◆ Problem to solve: Beginning with the line that includes "临近尾声,小田老师向同学们抛", return every remaining line of the material exactly as it reads, but not the pictures.

━━━━━━━━━━

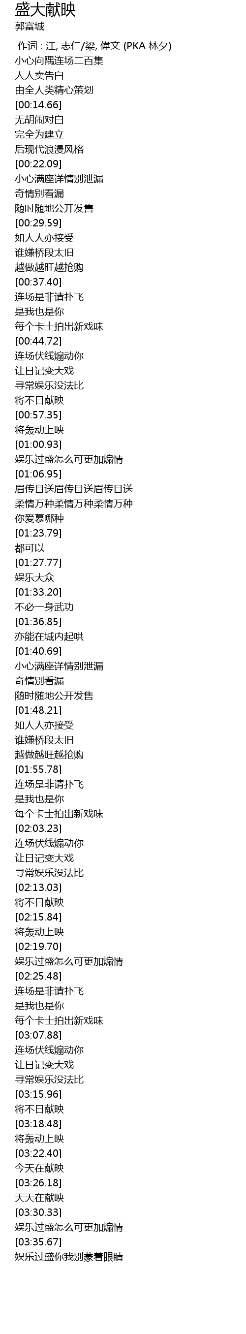 | [03:30.99] | 娱乐过盛怎么可更加煽情 |
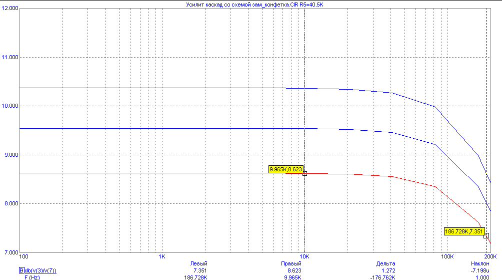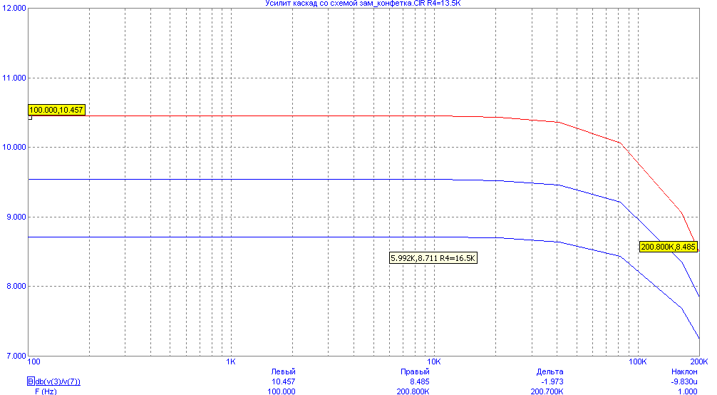 Спостерігається зниження Кп (8.62Дб) на 8.4% від запланованого, при збільшенні опору резистора R5, і збільшення Кп (10.36Дб) на 9,9% від запланованого, при збільшенні значення резистора.
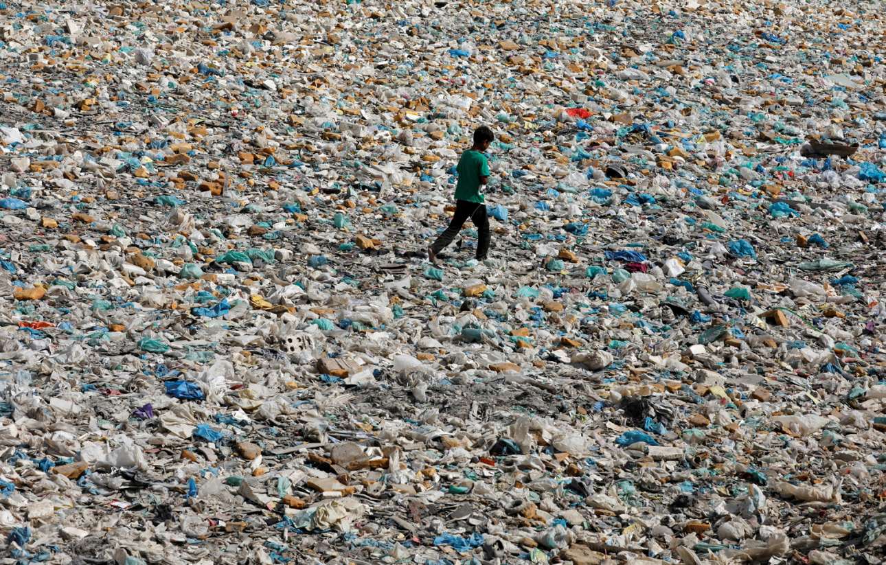 Αθλιότητα στο Πακιστάν: ένα αγόρι βαδίζει πάνω σε παχύ στρώμα από σκουπίδια που καλύπτει… Τι νομίζετε; Εναν αγωγό αποχέτευσης, όπως μας πληροφορεί η λεζάντα του ειδησεογραφικού παρακτορείου
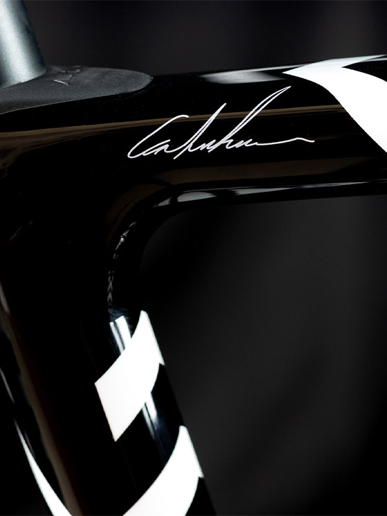 Ogni telaio presenta la firma di Alberto Contador e Ivan Basso su entrambi i lati del tubo orizzontale, nonché un distintivo con il numero dell’edizione (da 01 a 21) scelta dal cliente. Ogni modello sarà assemblato a mano presso lo stabilimento di Pinto, la città natale di Contador.
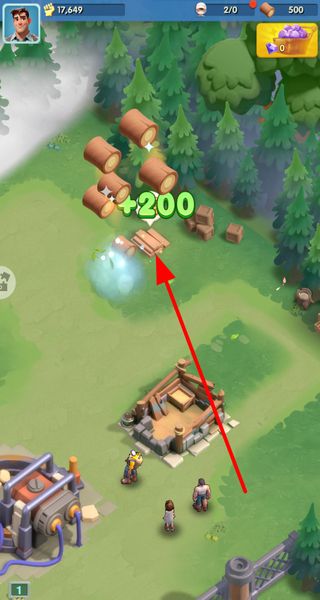 1、點(diǎn)擊場(chǎng)景中收集木材資源,獲取對(duì)應(yīng)的數(shù)量積累物資,為后續(xù)的建造操作做準(zhǔn)備。
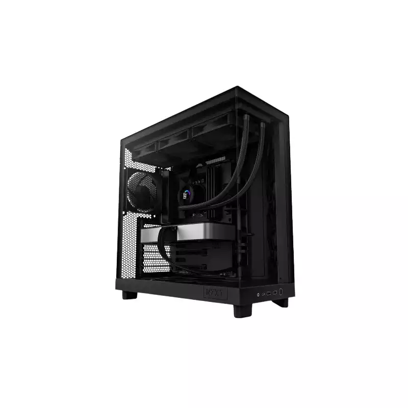 The NZXT H6 Flow now avvailable at TechLand BD introduces a sleek and efficient design in its black variant, a compact dual-chamber mid-tower airflow case catering to ATX, Micro-ATX, and Mini-ITX motherboards. Crafted from robust SGCC steel, the case boasts ultra-clear tempered glass panels, and for the black edition, an option for dark-tinted tempered glass. Standing at 435 mm in height (including feet) and measuring 287 mm in width and 415 mm in depth, this case weighs in at 9.4 kg. It accommodates a CPU cooler with a height clearance of 163 mm, a GPU with a length clearance of 365 mm, and a PSU with a length clearance of 200 mm. The case ensures ample space for cable management (91 mm) and supports a top radiator with a clearance of 30 mm. Front I/O ports include two USB 3.2 Gen 1 Type-A ports, one USB 3.2 Gen 2 Type-C port, and one headset audio jack. Its interior features seven standard expansion slots, two 2.5" drive bays, and one 3.5" drive bay. The ventilation system is robust, supporting three 120 mm fans at the front-right (including three F120Q fans), three 120 mm or two 140 mm fans at the top, two 140 mm fans at the bottom, and one 120 mm fan at the rear. Additionally, the case incorporates high-performance mesh filters and can house radiators of up to 360 mm at the top and 120 mm at the rear. The included F120Q airflow fans operate at 1200 ± 240 RPM, delivering an airflow of 62.18 CFM, a static pressure of 1.05 mm - H2O, and a noise level of 25.1 dBA.
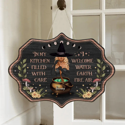 View full detailsCustom Personalized Witch Wooden Sign - In My Kitchen Filled With Care I Welcome Water Earth Fire Air - Halloween Gift Idea For Friends/Sisters/Wiccan Decor/Pagan Decor
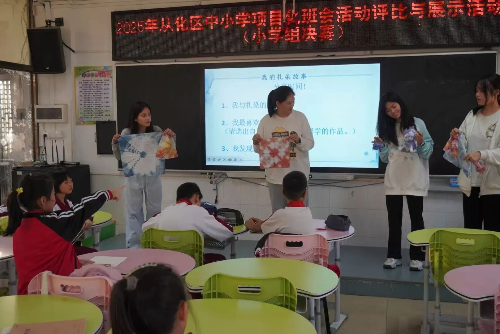 临近尾声,小田老师向同学们抛出一个富有挑战性的问题:“如果我们为从化设计一款扎染旅游纪念品,你会怎么设计?”问题一出,孩子们的想象力如泉水般涌出——“一个印有荔枝图案的书包!”“扎染发圈,每天都可以戴!”“一条有流溪河颜色的扇子!”……他们争先恐后地表达自己的想法,每一个回答都是对非遗扎染真挚喜爱的印证。
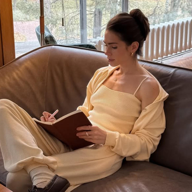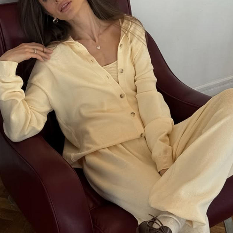 Completo Abito Coordinato da Donna in Maglia di Lana Beige con Spalle Scoperte e Maniche Lunghe, Stile Casual di Lusso con Dettagli in Pelliccia, Collezione Primavera

━━━━━━━━━━

◆ Exercise solution:
 临近尾声,小田老师向同学们抛出一个富有挑战性的问题:“如果我们为从化设计一款扎染旅游纪念品,你会怎么设计?”问题一出,孩子们的想象力如泉水般涌出——“一个印有荔枝图案的书包!”“扎染发圈,每天都可以戴!”“一条有流溪河颜色的扇子!”……他们争先恐后地表达自己的想法,每一个回答都是对非遗扎染真挚喜爱的印证。
 Completo Abito Coordinato da Donna in Maglia di Lana Beige con Spalle Scoperte e Maniche Lunghe, Stile Casual di Lusso con Dettagli in Pelliccia, Collezione Primavera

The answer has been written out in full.